Lavoro nero in Maremma: 8 lavoratori irregolari, 5 attività sospese e 50mila euro di multe | MaremmaOggi Skip to content

Blitz dei carabinieri in Maremma: otto lavoratori in nero, sospese cinque attività

Carabinieri del Nucleo Ispettorato del Lavoro in azione tra bar, ristoranti e aziende boschive della provincia. Due lavoratori erano senza permesso di soggiorno, sanzioni per oltre 50mila euro
I controlli dei carabinieri

GROSSETO. Otto lavoratori in nero, due dei quali privi del permesso di soggiorno, cinque imprenditori denunciati e cinque attività sospese. È il bilancio dell’ultima campagna di controlli effettuata dai carabinieri del Nucleo ispettorato del lavoro di Grosseto, impegnati nel contrasto al lavoro sommerso e nella verifica del rispetto delle norme sulla sicurezza nei luoghi di lavoro.

Le ispezioni, svolte nell’ultimo mese con il supporto delle stazioni dei carabinieri e dei nuclei carabinieri forestali della provincia, hanno interessato 12 attività tra pubblici esercizi e aziende agricole, con particolare attenzione a bar, ristoranti e cantieri di taglio boschivo.

Otto lavoratori in nero su cinquanta controllati

Nel corso delle verifiche sono stati identificati 50 lavoratori. Di questi, otto sono risultati impiegati in nero, mentre due erano cittadini stranieri privi del previsto permesso di soggiorno per motivi di lavoro.

Una situazione che ha portato alla sospensione di quattro attività per l’impiego di personale irregolare e al deferimento dei titolari coinvolti.

I controlli tra Grosseto e Amiata

Uno degli episodi più gravi è stato riscontrato in un bar del capoluogo, controllato insieme ai militari della stazione di Campagnatico. Qui i carabinieri hanno trovato al lavoro un cittadino straniero assunto in nero e senza permesso di soggiorno.

Una situazione analoga è emersa anche in un’azienda amiatina specializzata nel taglio dei boschi, inizialmente controllata dai carabinieri forestali di Santa Fiora. Tra i due operai presenti, uno è risultato impiegato senza contratto e privo dei documenti necessari per lavorare regolarmente in Italia.

Per entrambi i titolari è scattata la denuncia alla procura.

Sicurezza sul lavoro e videosorveglianza irregolare

Le ispezioni hanno fatto emergere anche numerose violazioni delle norme a tutela della salute e della sicurezza dei lavoratori.

In tre attività situate tra località montane e costiere della provincia, i militari hanno accertato la mancata formazione obbligatoria del personale e l’assenza del Documento di valutazione dei rischi (Dvr), obbligatorio per ogni azienda.

Per una di queste attività è stata disposta la sospensione per gravi violazioni in materia di sicurezza, provvedimento poi revocato dopo la regolarizzazione della posizione da parte del titolare.

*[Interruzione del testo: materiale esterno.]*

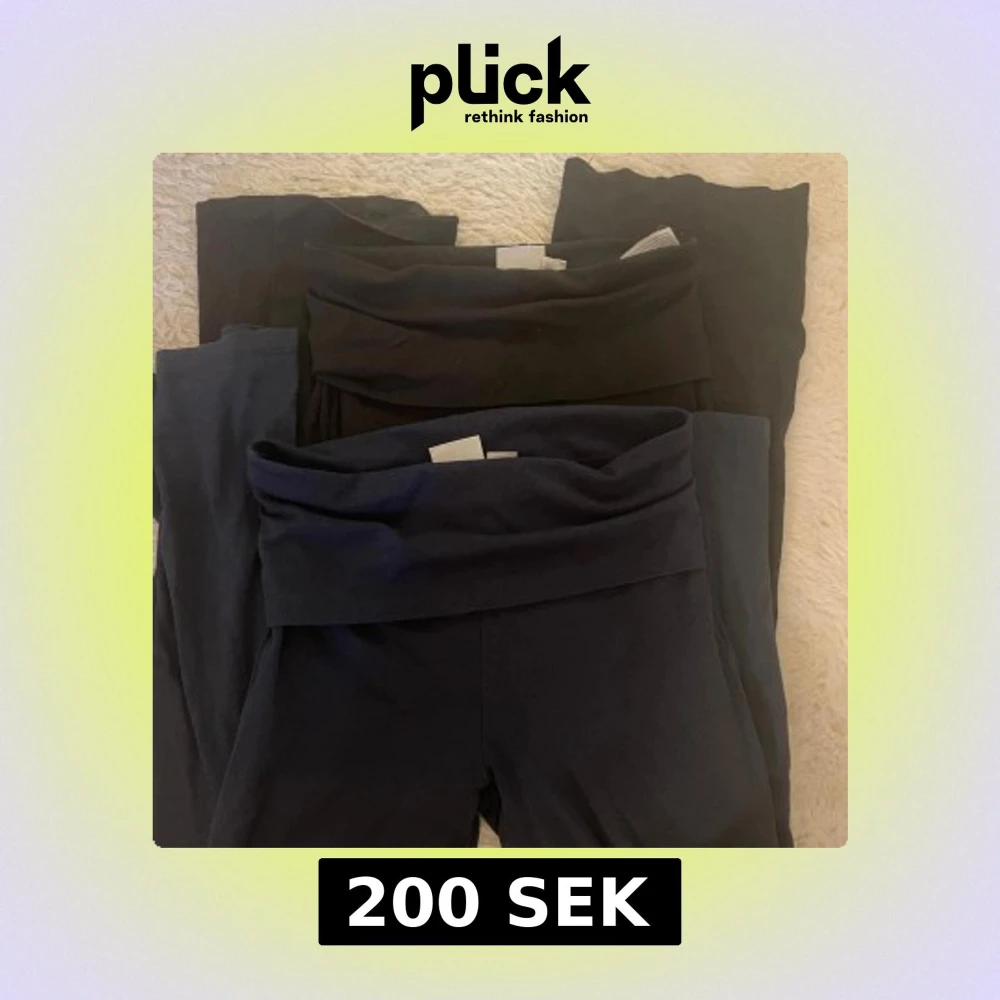 Två par mjuka leggings från Gina Tricot i svart och mörkblått. Båda har bred, vikt linning och är tillverkade i stretchig bomullsblandning. Perfekta för chill dagar eller när du vill ha något bekvämt på dig.kom privat ifall ni vill ha fler bilder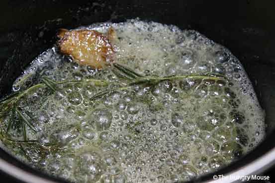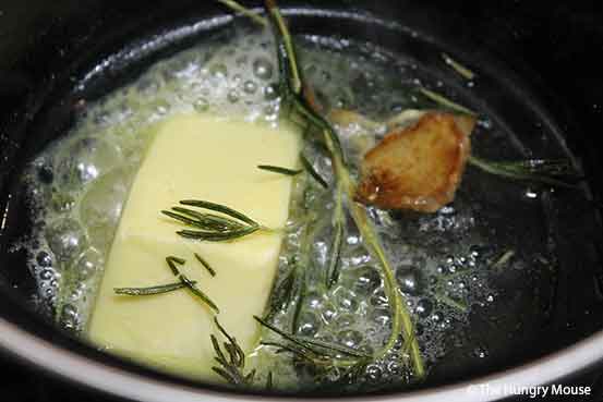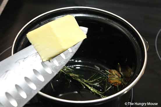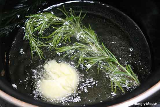 - Make the infused butter: Grab the pot that you infused the oil in. Keep the rosemary and garlic clove in it. Add the butter to the pot. Set it back on the stove. Cook over medium heat until the butter is melted and just starts to foam.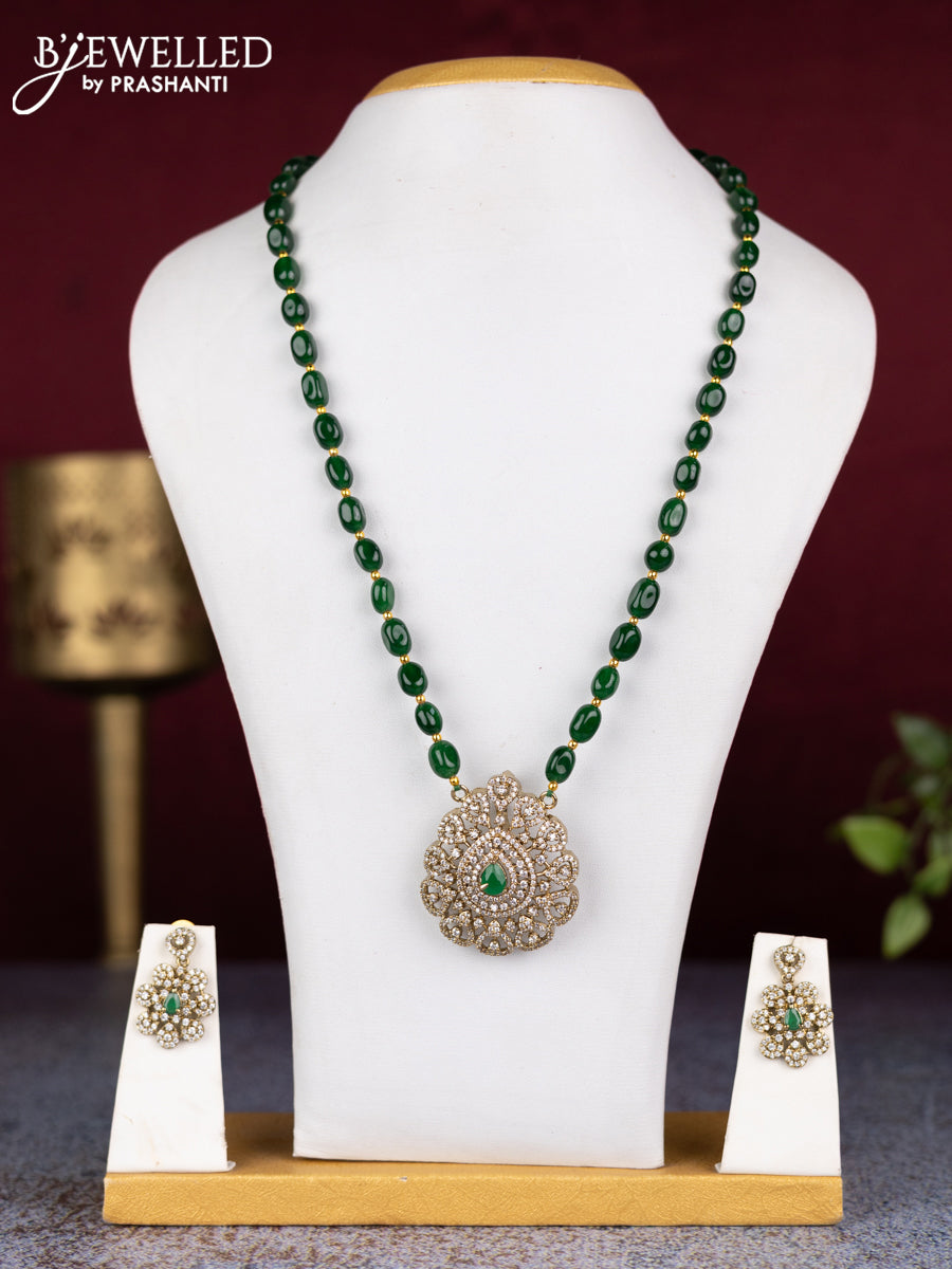 Beaded green necklace with emerald and cz stones in victorian finish

In un altro bar, invece, è stato scoperto un impianto di videosorveglianza installato senza la necessaria autorizzazione, potenzialmente utilizzabile per controllare a distanza i dipendenti, in violazione delle norme che tutelano la dignità e la riservatezza dei lavoratori.

Anche in questi casi sono scattate le denunce.

Cinque imprenditori denunciati e oltre 50mila euro di sanzioni

Al termine dell’attività ispettiva, il bilancio parla di:

  • 12 attività controllate;
  • 50 lavoratori identificati;
  • 8 lavoratori in nero, di cui 2 senza permesso di soggiorno;
  • 5 attività sospese, quattro per lavoro nero e una per gravi violazioni della sicurezza;
  • 5 imprenditori denunciati alla Procura della Repubblica di Grosseto;
  • oltre 50mila euro tra sanzioni amministrative e ammende.

I controlli continueranno in tutta la provincia

L’attività dei carabinieri rientra nel piano di contrasto allo sfruttamento del lavoro irregolare e punta a garantire il rispetto delle norme sulla sicurezza, sulla regolarità dei rapporti di lavoro e sulla tutela dei diritti dei dipendenti.

I controlli, fanno sapere dall’Arma, proseguiranno nelle prossime settimane in tutta la provincia di Grosseto, sotto il coordinamento dell’Ispettorato territoriale del lavoro e in collaborazione con le Stazioni dei carabinieri e gli altri enti competenti.